Short MRI comparable to CT for assessing interstitial lung disease
Wednesday, December 1 | 9:30 a.m.-10:30 a.m. | SSCH06-5 | Room S405
Two ultrashort echo time MRI sequences are comparable to CT when it comes to assessing interstitial lung disease in patients with systemic sclerosis, according to this presentation.
Deep-learning tool triages women with decreased breast density
Wednesday, December 1 | 3:00 p.m.-4:00 p.m. | SSBR09-4 | Room S406B
In this Wednesday talk, researchers will present findings from their study of nearly 2,700 women that used a convolutional neural network in predicting mammographic density percentage from MRI scans.
Deep learning meets need for speed in spine MRI
Thursday, December 2 | 9:30 a.m.-10:30 a.m. | SSNR14-5 | Room E353B
In this session, researchers will show how a deep learning-based image reconstruction method can deliver up to 72% faster spine MRI scan times along with perceived improvements in image quality.
Can AI enable 90% lower gadolinium dose in brain MRI?

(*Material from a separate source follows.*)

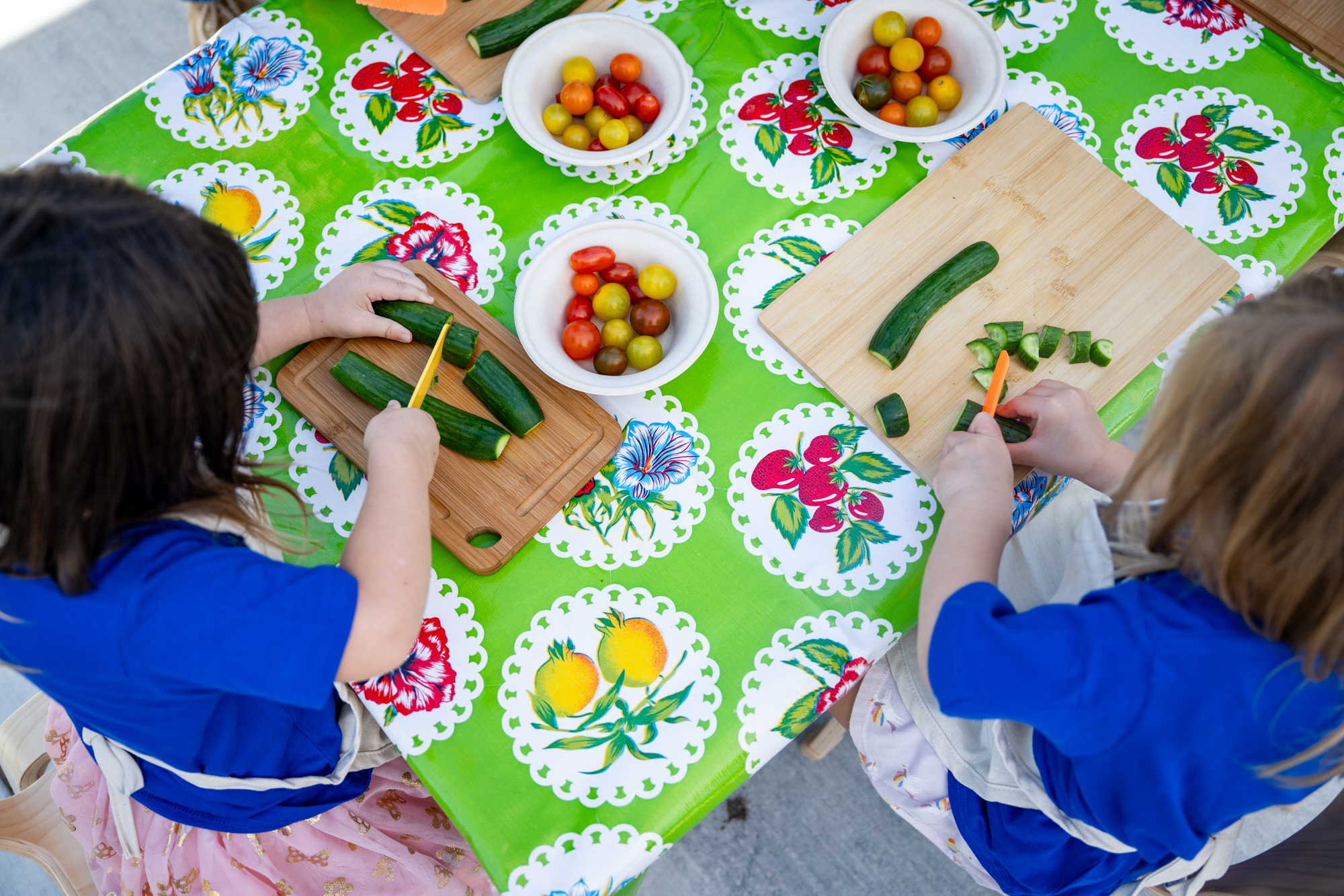 Students learn how to cut vegetables for a salad at the North Bay Children’s Center in Novato on Aug. 27, 2025. (Beth LaBerge/KQED)

Thursday, December 2 | 9:30 a.m.-10:30 a.m. | SSNR14-2 | Room E353B
An artificial intelligence (AI) algorithm can enable high-quality contrast-enhanced brain MRI exams to be acquired using only 10% of the normal dose of a gadolinium-based contrast agent, according to this multicenter clinical study.
Ultrashort brain MRI cost-effective compared to standard CT
Prerecorded, available throughout the meeting | SPR-NR-38
Brain MRI with an ultrashort echo time protocol is a cost-effective way of classifying mild or unspecific neurologic symptoms compared to standard- or reduced-dose CT, according to research presented in this prerecorded talk.
Short echo pulmonary MRI effective for Lung-RADS classification
Prerecorded, available throughout the meeting | SPR-CH-26
Pulmonary MRI with an ultrashort echo time matches the performance of standard- or reduced-dose CT for Lung-RADS classification on lung cancer screening, Japanese investigators have found.